Reading DMARC Reports
Reading DMARC Reports
Overview
DMARC generates two types of reports that tell you who is sending email from your domain and whether they're authenticated. DMARC+ processes these reports and presents them in readable dashboards — but understanding what the underlying data means helps you act on it faster.
Aggregate reports (RUA)
Aggregate reports are XML files sent daily by every major mail provider (Google, Microsoft, Yahoo, etc.) to your rua= address. They summarise authentication results for all email claiming to be from your domain during the previous day.
Each report contains:
- The receiving organisation (who sent the report)

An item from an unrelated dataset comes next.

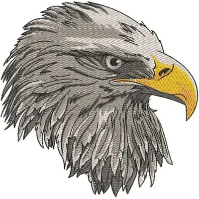 This digital machine embroidery design features a detailed eagle's head, showcasing intricate feathers and a striking yellow beak. Available in all hoop sizes.

- The IP addresses that sent email from your domain
- How many emails each IP sent
- Whether SPF and DKIM passed or failed for each IP
- Whether DMARC passed (combining SPF/DKIM with alignment)
- What action was taken (none, quarantine, reject)
DMARC+ aggregates these across all providers and presents them in the Dashboard.
Forensic reports (RUF)
Forensic reports are per-message failure reports sent (when an email fails DMARC) to your ruf= address. They contain the email headers (and sometimes the full message) that failed.
Note: Many major providers (including Google) no longer send forensic reports due to privacy concerns. Don't rely on them as your primary analysis tool.
Reading the DMARC+ Dashboard
Pass rate
The most important metric. Your goal:
| Pass rate | Status |
|---|---|
| < 70% | Critical — significant unauthorised sending or misconfiguration |
| 70–90% | Needs work — fix failing sources before enforcing |
| 90–95% | Almost ready — investigate remaining failures |
| > 95% | Ready to advance policy |
Sending sources
The table of IP addresses sending from your domain. For each source:
- Pass — this source is properly authenticated
- Fail — this source is failing SPF or DKIM alignment
For every failing source, answer: do I want this source sending email from my domain?
- Yes, it's legitimate — configure SPF and DKIM for it
- No, it shouldn't be sending — note it; once you enforce, it will be blocked automatically
- Not sure — investigate the IP (use IP lookup tools to identify the owner)
Common patterns in DMARC reports
High volume from an unknown IP failing DMARC
Someone is spoofing your domain. They won't be blocked until you enforce p=reject — this is your motivation to get there.
Low volume from an unfamiliar service passing SPF
Probably a service you forgot about (an old newsletter tool, a developer's personal Mailchimp account, etc.). Decide whether to keep or remove it.
A legitimate service failing alignment
SPF or DKIM is set up, but the alignment isn't working. Common cause: the service is signing with its own domain, not yours. Fix: configure the service to use your domain for both the envelope From and DKIM signing.
Sudden spike in failures
Usually means something changed:
- A new sending service was added without SPF/DKIM setup
- A DNS change broke an existing record
- A third-party service changed their SPF record without notice (check your
include:chains)
Acting on report data
Prioritise by volume. Fix the highest-volume failing sources first — they have the most impact on your pass rate.
Fix one source at a time. After each fix, wait 24 hours for new reports and verify the source is now passing before moving to the next.
Keep a changelog. Note every DNS change you make and when. This makes it much easier to debug unexpected failures later.
Set a weekly review cadence. Spend 15 minutes each week reviewing the DMARC+ dashboard. New services get added, records change — regular review catches issues before they affect deliverability.